Writes Mr. Marr, industry sources suggest this is now an active consideration for developers who fear the guidelines will leave them with buyers unable to meet their commitments. "It's happening, but just not yet," said Benjamin Tal, deputy chief economist with CIBC World Markets, about developers picking up the lending slack. "They are ready to do this. Developers will come out and play hardball and tell consumers they need to close, borrow from grandmother if you have to. If they cannot close and the deal is at risk, they will go to option B."
Mr. Tal says buyers after January 1st will be forced to turn to mortgage investment corporations (MICs), which charge higher rates, but consumers who already have deals still need to close.
Eli Dadouch, chief executive of Toronto-based Firm Capital Corp., a publicly-traded boutique private equity real estate firm, says some developers have long had policies for taking back mortgages because of tax advantages they can get back from the federal government. It’s not necessarily the norm, and for developers doing it, they need a deep balance sheet.
"I think it makes sense (for developers) because it secures a deal, but it's not a long-term solution," says Mr. Dadouch, who thinks the market might be supplying these bridge loans for two to three years because of condo deals in the pipeline over that time frame.
He said the market for land in Toronto is so strong he does not expect the new regulations to have a significant impact. "Sure, if prices don’t go up (by the time a deal closes) developers will take back a mortgage. If prices go up, then they won’t have to do it," Mr. Dadouch says, adding a larger valuation means consumers can qualify for an even bigger mortgage than when a deal was first made.
Brian Johnston, the COO of Mattamy Homes, concurs. He said the changes do have the potential to affect deals in the pipeline for the time it takes to get a project done however, like Mr. Dadouch, he ultimately does not think it will put a dent in land prices.
Says the article, land values continue to soar in the Greater Toronto Area and Metro Vancouver, and this type of tactic is likely to be inflationary for those markets where average detached homes are already selling for slightly less than $1 million and a little more than $1.7 million, respectively.

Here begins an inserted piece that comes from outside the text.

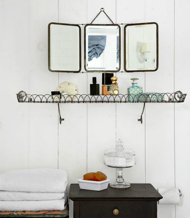 Некоторые вещички из «бабушкиного сундука» можно с пользой использовать для декора ванной комнаты. Например, старинная проволочная полка и тройное зеркало прекрасно впишутся в интерьер светлого санузла.
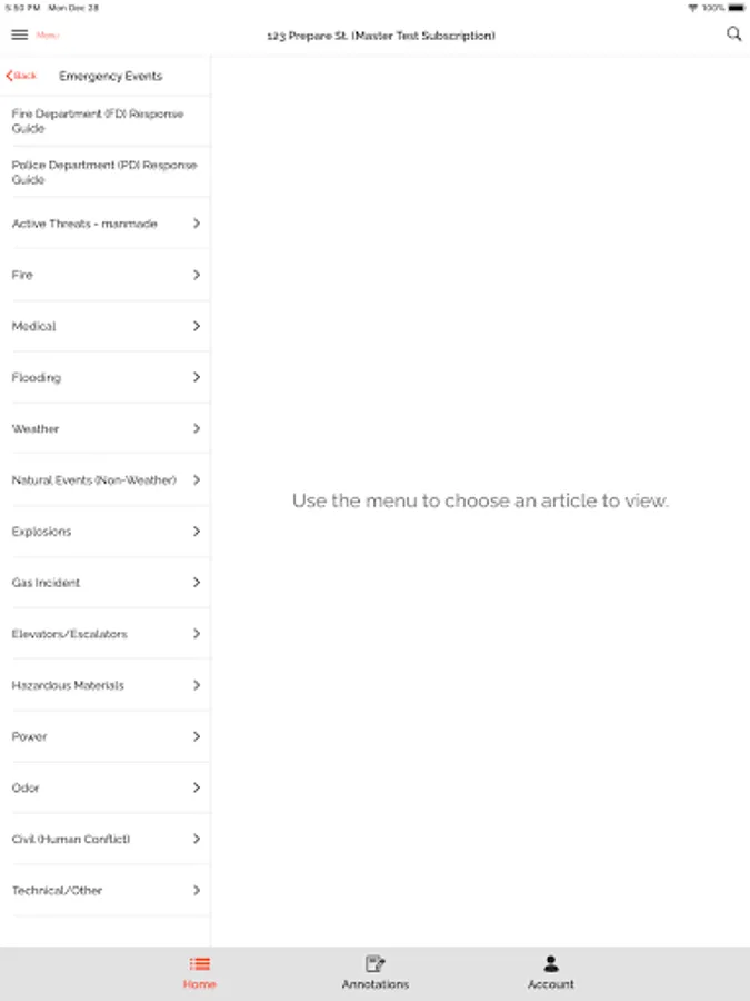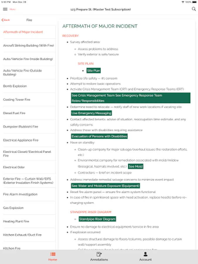 Emergency preparedness and response articles provide step by step procedures for everything from fire, gas leaks, hazardous materials incidents, terrorism (bombings, biological attacks, aerial assaults, mass shootings, hostage situations), and technical rescues to natural disasters (weather and non-weather related).

Rob McLister, founder of ratespy.com, said it is feasible for developers to provide loans this way but they would have to be structured a certain way to get around rules that only allow a certain amount of debt relative to household income.
"The first mortgage holders, especially if they are federally regulated, must calculate debt ratio including the second mortgage," says Mr. McLister, adding you usually have to prove to a first lender where you are getting the balance of your funds to close. "(Developers) could do a vendor take-back mortgage whereby the debt servicing is low. They might do an interest only (second mortgage)."